In this study, the plasma levels of FAP were analyzed in patients with IBD and found to be significantly reduced compared to HC (Figure 1). Reduced cFAP levels were confirmed in both patients with CD and UC. Moreover, no correlations between cFAP and any recorded disease characteristic were found, thus supporting the hypothesis that cFAP is a general marker of IBD rather than an indicator of a particular IBD subtype or pattern. In the present study, we have included patients with controlled IBD under treatment and patients with active IBD undergoing surgery. Surgery in IBD is indicated when an aggressive disease presents with symptoms, or in case of uncontrolled disease after therapy failure, as often happens with UC or stricturing CD. Our findings revealed that cFAP is lower in both IBD cohorts as compared to HC. Furthermore, cFAP was significantly lower in patients undergoing surgery than patients with controlled disease (p < 0.0001), thus suggesting a role for cFAP as a biomarker of IBD activity and remission: the more cFAP is reduced, the more disease is active. By contrast, patients with diverticulitis had similar cFAP levels than HC. Despite preliminary, this observation indicates that reduced cFAP may be a specific marker of IBD over other inflammatory gastrointestinal disorders.

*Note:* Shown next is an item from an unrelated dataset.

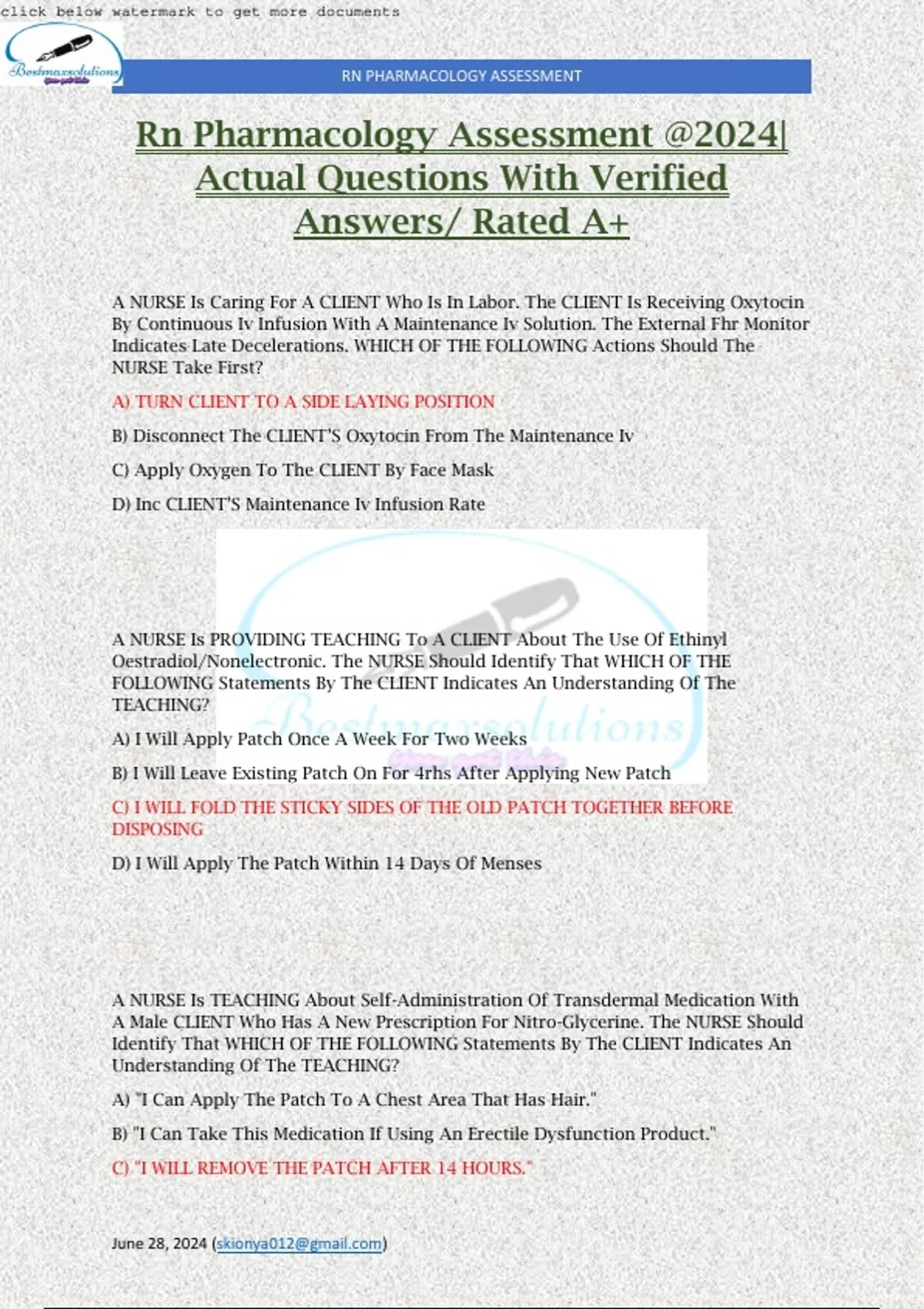 RN Pharmacology Assessment @2024| Actual Questions With Verified Answers/ Rated A+

Other observations in the literature already reported reduced levels of cFAP in pathological contexts characterized by stroma reactivity, such as some cancers and myocardial infarction (27). To the best of our knowledge, this is the first investigation of cFAP in a cohort of patients with IBD. The cause for reduced cFAP level still remains poorly elucidated, but it could be that a systemic reaction to the disease occurs. Indeed, the origin of cFAP is not completely clarified (28, 29). FAP extracellular domain can be shed from cells as soluble form, but cause and actors involved in this proteolytic cleavage have not been demonstrated yet. Activated fibroblasts, myofibroblasts, and the hepatobiliary system appear as the primary physiological sources of FAP, though it is likely that multiple organs may contribute to the circulating levels of FAP (27, 30). There is literature showing that proteins of the dipeptidyl peptidase family, such as the FAP paralog DPP4, are expressed in gut epithelial cells and that their expression increases in cells that display an enterocytic differentiation (3133). Since enterocytes are damaged and partly destroyed in IBD, it could be hypothesized that one of the cellular sources of these proteins fails to produce and secrete the proteins to the same extent as it happens in the healthy physiological state. However, studies on FAP secretion by enterocytes in IBD are lacking and this hypothesis cannot yet be confirmed. Moreover, results from our study revealed that patients with stricturing disease had similar cFAP levels compared to penetrating disease and non-stricturing non-penetrating disease, both in IBD patients controlled with therapy (p = 0.71) and in patients treated by surgery (p = 0.67). This finding is particularly relevant, since it further suggests that cFAP could be not only related with the fibroblasts' local presence in bowel lesions, but also with other unknown pathways related to FAP independent from strictures. Further preclinical studies are required to uncover the mechanisms responsible for cFAP production and to explain why it is reduced in IBD.

In the present study, a predictive diagnostic model based on ROC curve assessed the capability of cFAP to discriminate IBD and healthy groups with 78.0% accuracy (Figure 2). In our tested population, cFAP was able to identify real IBD cases with a PPV of 80.3% and a NPV of 74.4%. Despite preliminary, these results suggest that cFAP could be a valuable, non-invasive solution to triage patients suspected to have IBD in primary care diagnostic. The future clinical potential of cFAP may be intended to accelerate clinical diagnosis for patients ending up with reduced cFAP, who will promptly undergo more invasive and costly imaging procedures. The absence of any strong correlation between cFAP and traditional though a specific inflammatory markers, such as ESR, CRP, FC, indicates that cFAP may be a more specific IBD biomarker than other aspecific inflammatory indexes. It also means that information derived from cFAP is different and non-redundant with currently available inflammatory markers.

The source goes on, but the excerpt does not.